For Labour, it’s because that’s what they are; why they get up in the morning; what it says on the tin; no further questions required. For SNP, it’s more of a strategy. It’s the haircut you have not because it’s getting in your eyes but because you’re going on the pull. This is the party, remember, that the middle classes used to vote for in Scotland, in lieu of effective Tories, to keep Labour out. That whole ‘Ooh, we’re the proud cheerleaders of an avowedly socialist nation!’ routine seems impregnable now, but it only really started during the referendum campaign, and as a quite transparent ruse to woo Labour voters. Sure, they’d been offering free university tuition and opposing prescription charges and suchlike before, but that was straightforward electoral bribery. Bluntly, and much as they may deny it, it’s not a burning passion to go left which has led the SNP to champion independence. Rather, it is a burning passion for independence which has led the SNP to go left. That much should be obvious.

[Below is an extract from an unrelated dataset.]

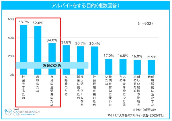 また、同調査では大学生がアルバイトをする目的について複数回答形式で質問しており、「貯金をするため(53.7%)」「趣味のため(52.6%)」「自分の生活費のため(34.0%)」など、金銭的な理由に関する項目が上位を占める結果となりました。一方で「社会経験を積むため(30.4%)」「スキルを身につけるため(16.8%)」「就職活動に活かすため(15.9%)」といった社会経験やスキル習得に関連する項目は、相対的に低いスコアとなっています。

So why would they go into coalition with Labour? If home rule is the aim (and it is), and faux-leftism is the strategy to get there (and it also is, plainly, even if you’d dispute the ‘faux’ bit), why would you want to join a government that showed you could go left within the status quo? And likewise, why would Labour want to go into coalition with the SNP? It would be a frank admission of their own obsolescence in Scotland. Indeed, the more home rule they allowed, the more obsolete Labour would become.

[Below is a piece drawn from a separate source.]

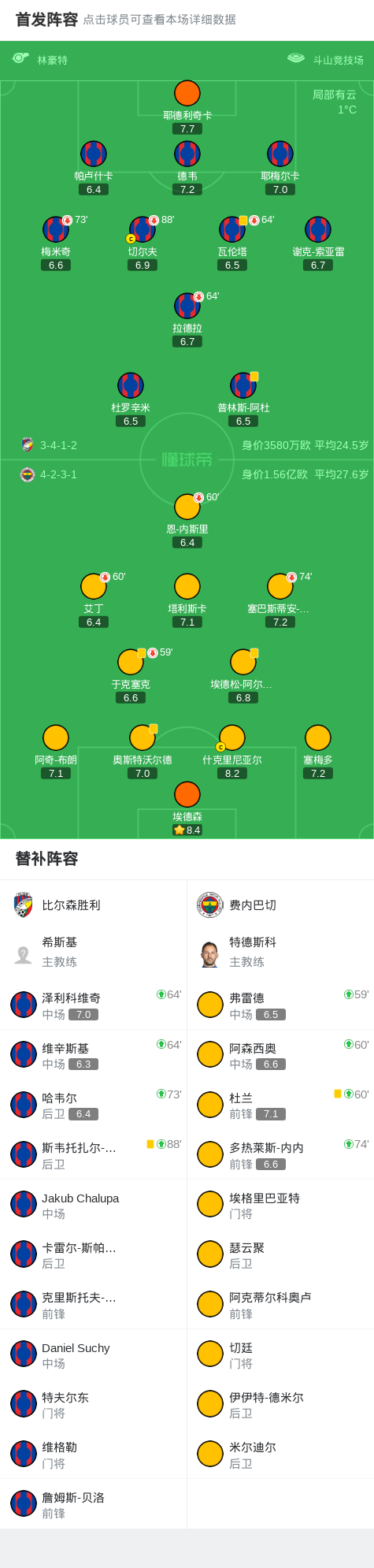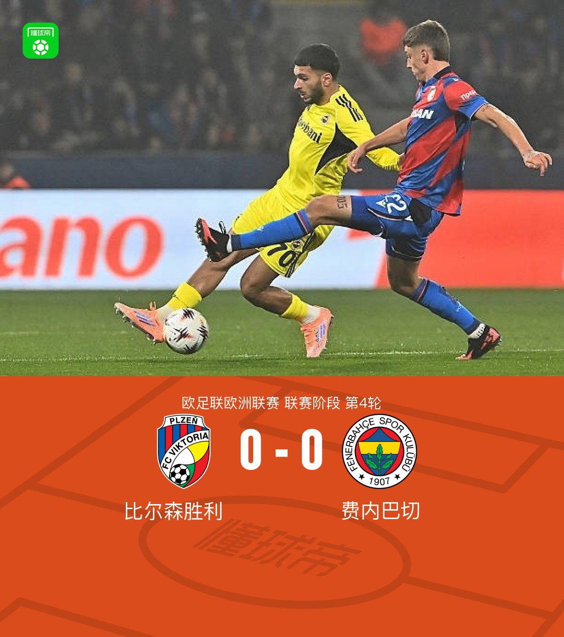 北京时间11月7日欧足联欧洲联赛 联赛阶段 第4轮,比尔森胜利对阵费内巴切。最终比分比尔森胜利 0–0 费内巴切。

At heart, this is where English Labour unionism comes from; a fear of being utterly up the spout without the Celtic fringe on hand to make up the numbers. I wish it were more than that, but I fear it is not. Find me a Labour unionist who would still be one if Scotland voted Tory, and I’ll find you a person in Scotland who still finds that Tories/pandas joke funny. That is to say, I won’t, and nor will you.

Which is a step up from English Conservative unionism, because that suddenly seems to be nothing at all. Yes, your English Tory will talk the unionist talk, but press him on it — I am belatedly realising — and you will discover that the only Union they’re really interested in is one that has no impact upon them whatsoever. Remember all those decades when there was a Tory PM and almost no Scottish Tory MPs? Remember the way they’d shrug and explain that this was just how a Union works, and that the reverse could as easily be true? Call me a mug, but I actually thought they meant it. They don’t want a partner, these people, but a pet. Indeed, they don’t even want a pet but maybe a Tamagotchi. One you can turn off and leave in a drawer. Which is why, secretly, the Tories are rooting for the SNP and the SNP are rooting for the Tories. Because, unlike with Labour, the SNP and the Conservatives really do have the same big aim: to bring about a time, as soon as possible, where Scotland and England leave each other the hell alone.

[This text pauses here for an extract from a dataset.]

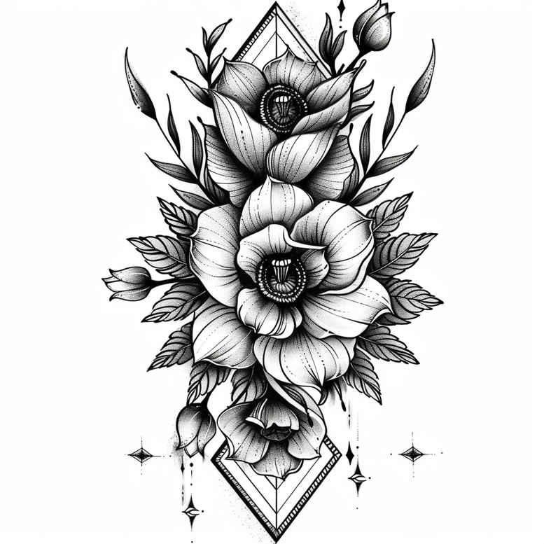 This AI-generated tattoo project concept presents a vertically oriented design that fuses floral realism with geometric precision. A blooming rose, rendered with layered petals and fine-line shading, rises above a stylized diamond motif that anchors the composition. Surrounding elements include a small bud, a few leaves, and subtle star-like accents, all created in stark black and grey ink to emphasize contrast. The result is a pattern-driven study in balance, where organic form meets geometric order, a pairing that suits meaningful tattoos and classic rose tattoo design alike. Symbolically, the rose stands for growth and passion, while the diamond suggests clarity, durability, and focus; together they evoke transformation and resilience, making this a versatile concept for both personal expression and tattoo storytelling. The technique favors precision linework, light shading, and smooth gradients to achieve depth without over-saturation, allowing it to scale gracefully from small forearm placements to larger canvases. The concept invites customization: artists can adjust petal veining, tweak the diamond facets, or weave in additional motifs such as Japanese-style line details or infinity symbols, all while preserving the black and grey palette and the clean, timeless look. As a modern AI-origin project, it demonstrates how digital concepts can translate into refined tattoo design ideas that feel both contemporary and enduring, a strong foundation for custom tattoo design, flower tattoos, and fine-line tattoo portfolios.

So this is where we are. We have Labour being called Tories in Scotland, and the SNP being called Labour in England. We have Tories abandoning unionism for their own self-interest (while pretending they haven’t) and Labour cleaving to it for theirs (while pretending they aren’t). We have the SNP casting coy, come-hither looks at a coalition with Labour, even though they wouldn’t enter one and wouldn’t even be asked to, and are secretly on the same page as the Conservatives anyway. Although not the Scottish Conservatives, who are on another page altogether.

And on the bleak days — which are frequent — I think back to the shivering relief of that bleary, hungover morning in September. Remember? When it looked, at last, as though the people who wanted to break Britain had been sent hamewards tae think again? Suddenly it feels like they were the wrong enemy altogether. It is not the SNP who are the real threat to Britain, for all their swift and startling resurgence. It’s their secret English allies, who are many and various and were hiding in plain sight. And they pretend to oppose the Scottish separatists, and the Scottish separatists pretend to oppose them, but both are giggling behind the backs of their hands. They’re the ones to watch out for. Because they’re just getting started.

Hugo Rifkind is a writer for the Times.